* Provided data
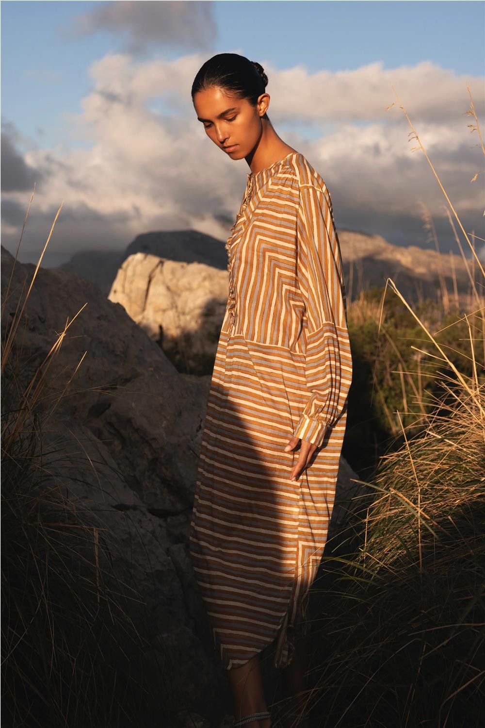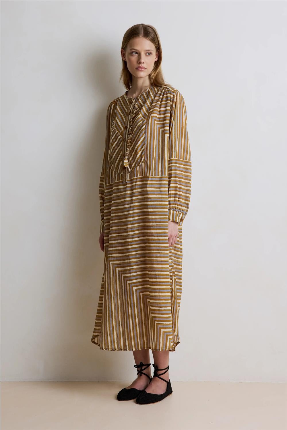 Vestido largo de mujer Sally Hod Paris manga larga entretiempo caramelo SALLY
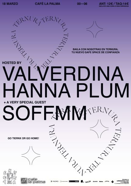 TERNURA es la nueva fiesta-colectivo que hostean Valverdina y Hanna Plum. Un espacio seguro donde bailar y pasárselo bien con la mejor selección musical: perreo, techno e hyperpop de vanguardia.
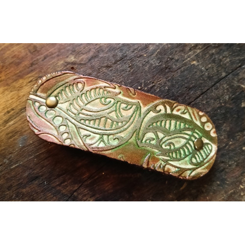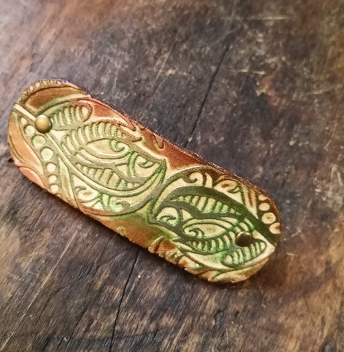 Kézzel festett, domborított mintás, valódi marhabőrből készült hajtű, hajcsat.
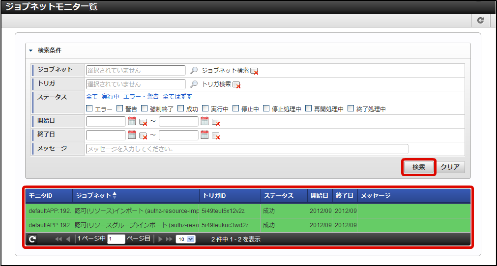 「ジョブネット一覧」 から 「テナントマスタ」-「インポート」-「認可(リソース)インポート」 を選択します。同じ操作を行い、ジョブネットを更新します。「サイトマップ」→「テナント管理」→「ジョブ管理」→「ジョブネットモニタ」の順にクリックします。一覧に 「認可(リソースグループ)インポート」 「認可(リソース)インポート」 の2行が表示され、 「成功」 になっていることを確認します。
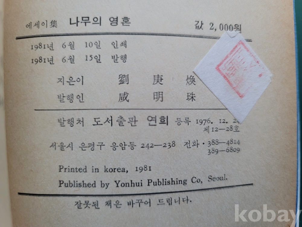 도서출판 '연희'에서 발행. 294쪽. 12.5X20.7X2.0cm
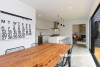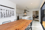 For all the interior walls, we chose Resene Alabaster. It is an absolutely firm favourite of ours. It has just the slightest touch of grey in it to give it a cool and clean look. It also looks fantastic against our polished concrete floors and the black oversized exterior joinery.
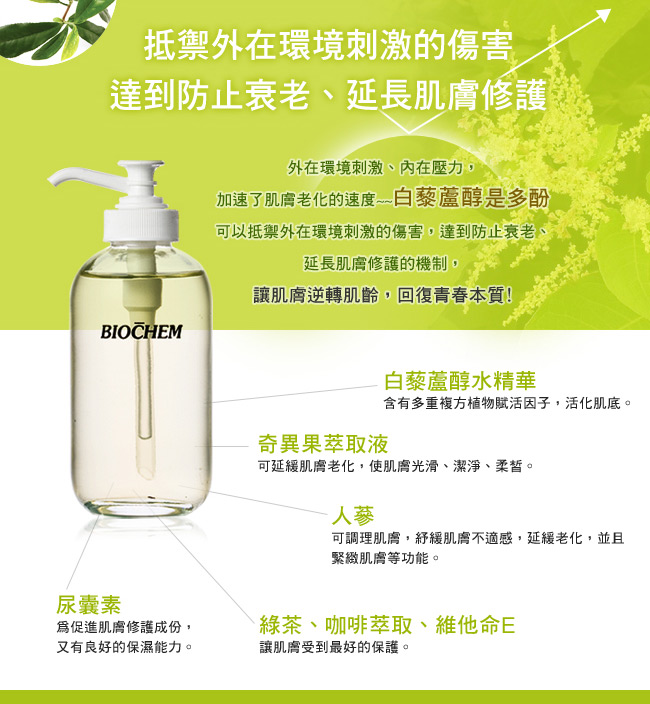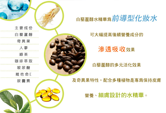 Advanced functional lotion with extracts from Resveratrol on red grapes, Resveratrol Moisture Lotion has anti-aging elements and diversified effects of activation, significantly increasing the absorption of subsequent nutritious components.
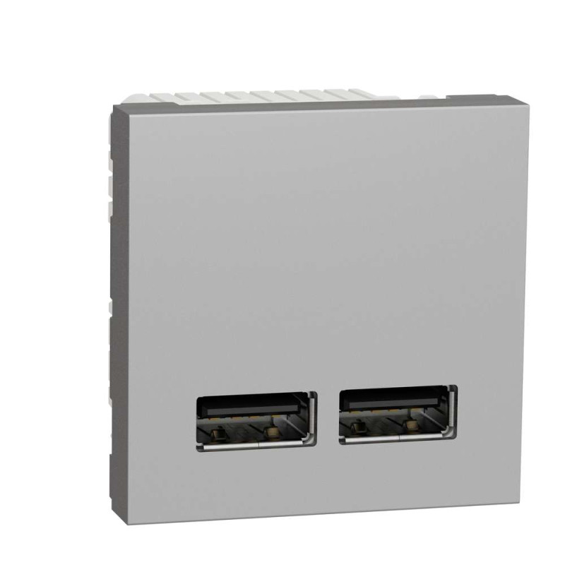 Розетка USB 2.0 двойная 2.1А тип A+A (2 модуля) Unica New Schneider Electric алюминий NU341830
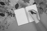 Top view: woman's hand holding a pen and writing in a notebook. An open book and to do list with autumn leaves on an orange background.
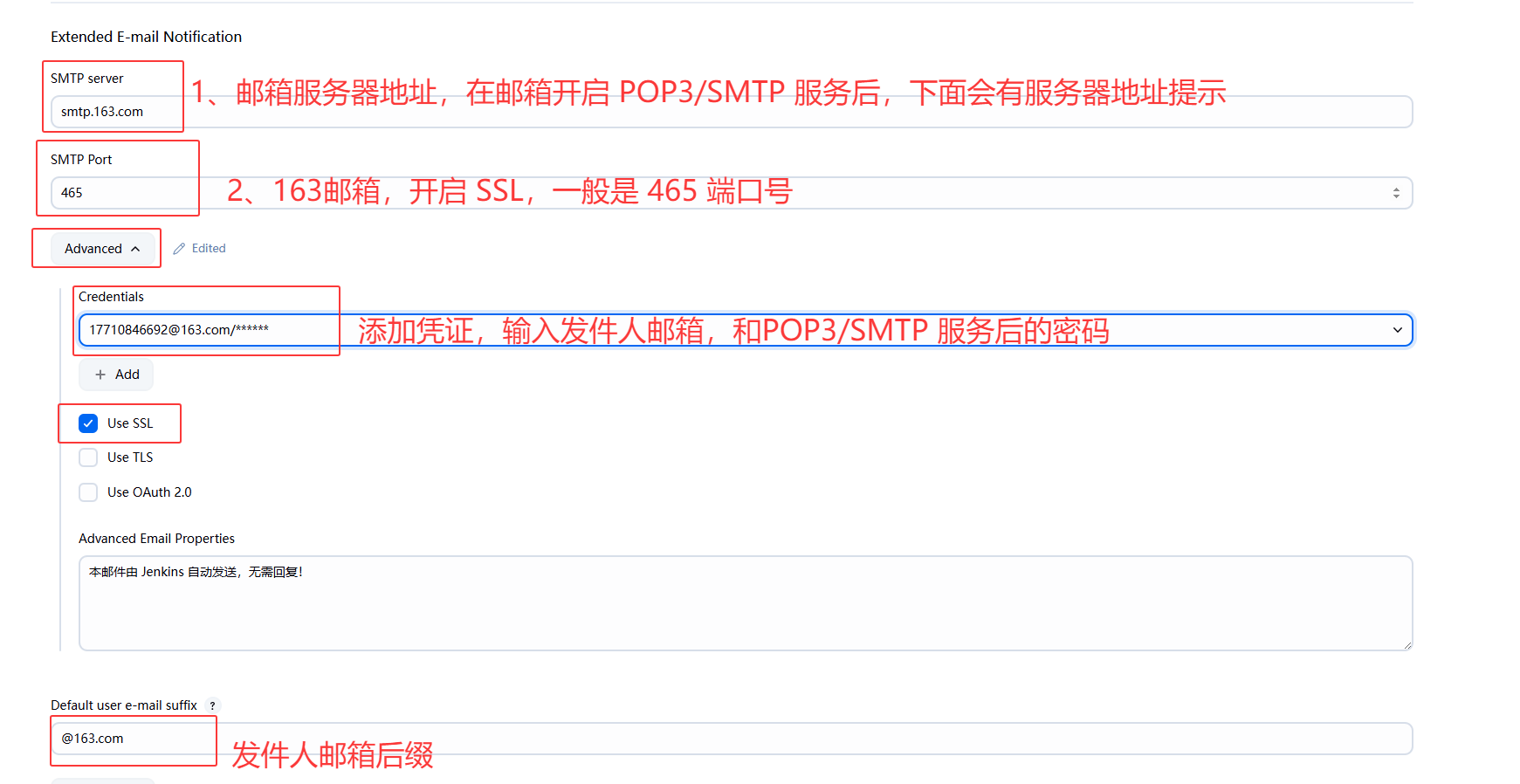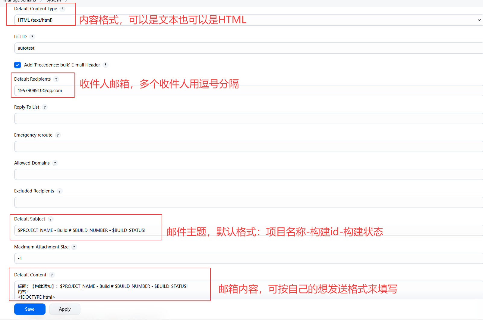 - 设置发件人信息:Manage Jenkins->System->Extended E-mail Notification

* What you are asked to do
Among the entries above, take the lines from the one with "도서출판 '연희'에서 발행. 294쪽. 12.5X20.7X2.0cm" through the one with "Top view: woman's" and retype them exactly, leaving out the pictures.

* Answer section
 도서출판 '연희'에서 발행. 294쪽. 12.5X20.7X2.0cm
 For all the interior walls, we chose Resene Alabaster. It is an absolutely firm favourite of ours. It has just the slightest touch of grey in it to give it a cool and clean look. It also looks fantastic against our polished concrete floors and the black oversized exterior joinery.
 Advanced functional lotion with extracts from Resveratrol on red grapes, Resveratrol Moisture Lotion has anti-aging elements and diversified effects of activation, significantly increasing the absorption of subsequent nutritious components.
 Розетка USB 2.0 двойная 2.1А тип A+A (2 модуля) Unica New Schneider Electric алюминий NU341830
 Top view: woman's hand holding a pen and writing in a notebook. An open book and to do list with autumn leaves on an orange background.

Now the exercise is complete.